EXERCISE DESCRIPTION: Nothing but the lines from the one holding "Hammered S.ST ring" to the final line of the listing below, both included, should be repeated, and each must match exactly. Omit pictures.

SUPPLIED INFORMATION:
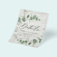 Budgetkort för vackert delikat eukalyptus foliage bröllop. En del av en modern samling. Modern rustik stallhuslinnans ljusa grått tvättat bakerdesign av trä.
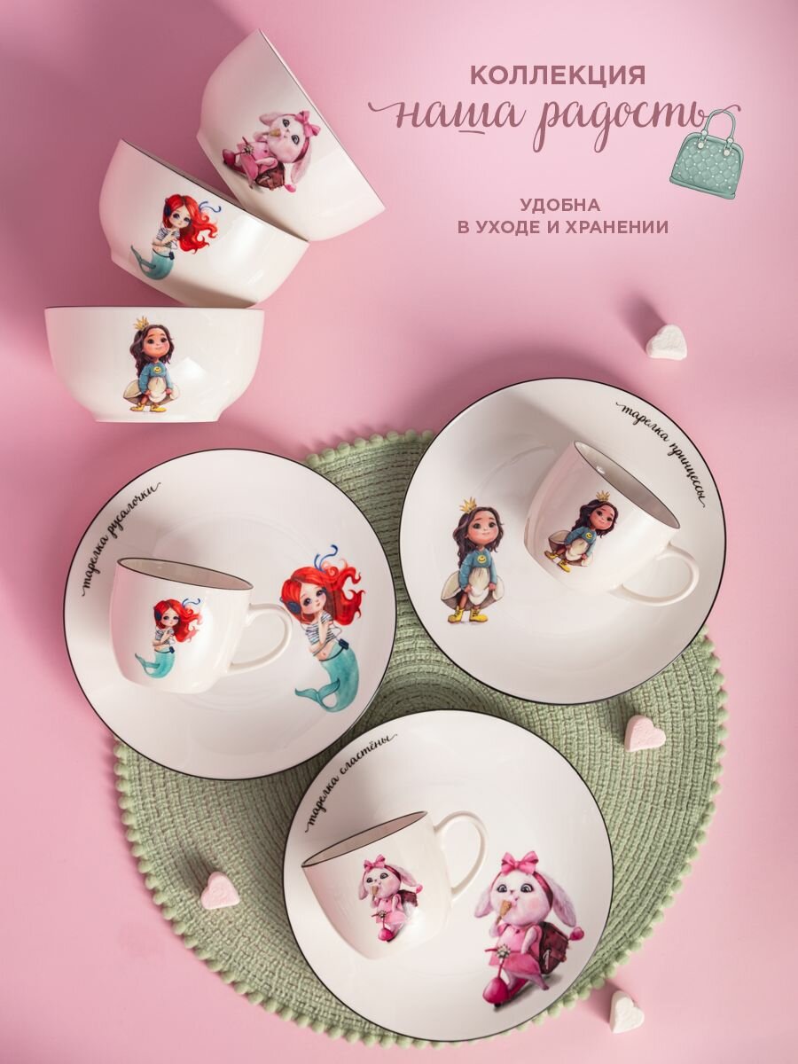 Сервиз Lefard "Принцесса", набор детской посуды, фарфоровый, 3 предмета: салатник 470 мл, тарелка 20 см, кружка 220 мл
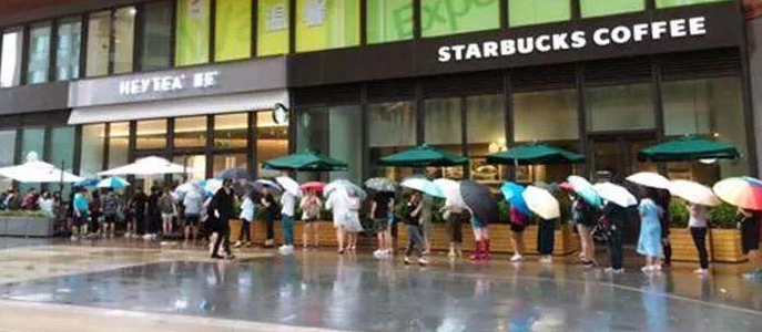 ▲ 購買喜茶的隊伍從星巴克門口經過
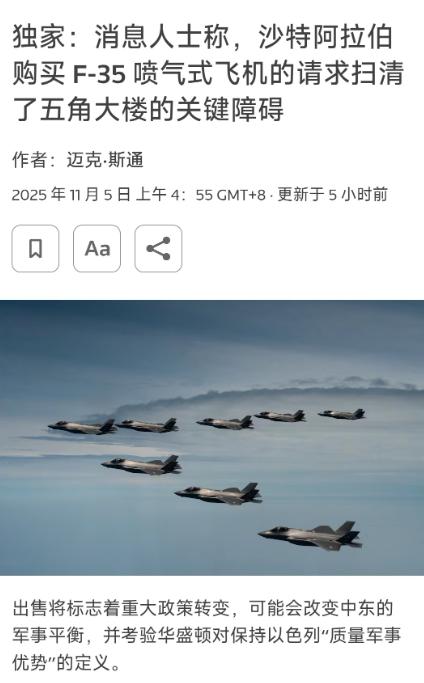 路透社:沙特购买F35战机扫清障碍! 沙特早些时候提出购买F35战机的需求,美国也在一直权衡出售48架F35战机的可能性。截至目前的中东地区,唯一拥有F35战机的武装力量,是以色列空军。一旦沙特买了F35战机战机,那么实力稍微上涨一些,也是正常的。沙特买歼35A战机的可能性,又降低了些。 这种F35战机关键武器的采购,不是简单的商业买卖,买美国的东大不会干预,但是买东大歼35A战机,美国不会同意,因为沙特王子的执政权,都有可能被推翻。 沙特这样的王权国家,存在的第一要素,就是要保证沙特王室的统治权。如果大家不理解的话,就可以参考一下满清末年的爱新觉罗家族,他们为了延续统治,是可以出卖任何利益的,只要他们还是皇族,就不管出卖多少利益,都可以都会答应。 而沙特王室也是这样,他们也是为了保证沙特王室的延续,谁实力强大就靠向谁,所以美国在中东地区仍然强大。那么沙特继续购买美国战机的想法,大家就可以理解了。不管怎么说,F35战机是不是厉害?沙特不管,沙特只管买,给了保护费,给美国让美国保护沙特,那就行了。 毕竟大家可以看到美国,是有实力在任何中东国家,掀起一个新的颜色革命,所以沙特王室必须要和美国搞好关系,给美国送钱送资产,都应该的,必须要保证沙特王室的延续。如果沙特王室不听话,那么美国和以色列是真的有能力,在沙特掀起一场新的变化。 比如叙利亚、利比亚等国,都是在各种情况下,变换了执政人员,现在都是听美国的话。所以沙特王室的操作,各位要理解,人家就是需要保护。
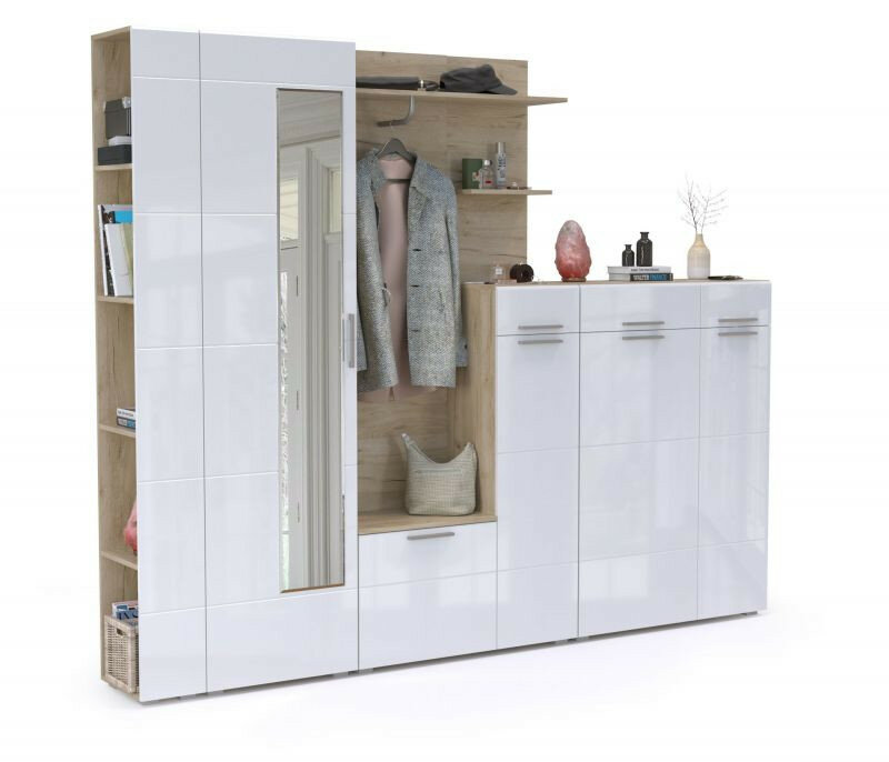 | Особенности | глянцевые фасады, для узкой прихожей, модульная конструкция, со штангой для вешалок, шкаф с зеркалом |
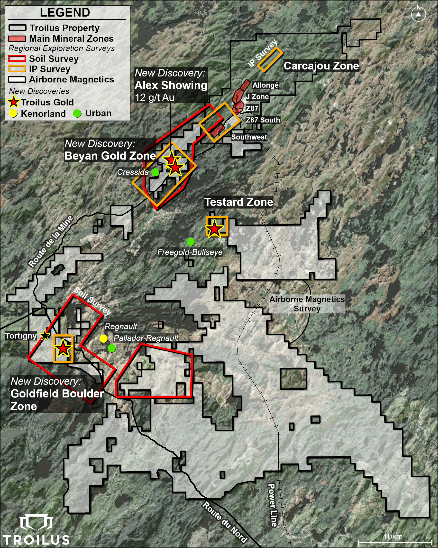 Figure 1 — Vue aérienne du terrain minier de Troilus indiquant les découvertes récentes et les zones couvertes par les levés
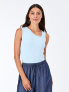 Refresh your everyday wardrobe with this modern essential. Made from ultra-soft 100% organic ribbed cotton, this tank features a striking asymmetric neckline for a subtle edge. Designed to flatter with a close, comfortable fit, it’s breathable, sustainable, and perfect for all-day wear. Style it solo or layered for effortless versatility—Front Length 56cm.
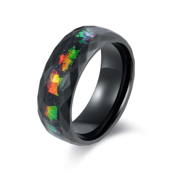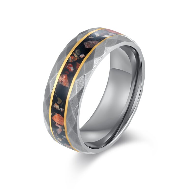 Hammered S.ST ring with colorful forged carbon fiber inlaid, as pic
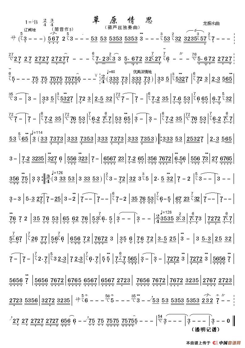 草原情思(葫芦丝曲)相关五线谱

COMPLETED TASK:
 Hammered S.ST ring with colorful forged carbon fiber inlaid, as pic
 草原情思(葫芦丝曲)相关五线谱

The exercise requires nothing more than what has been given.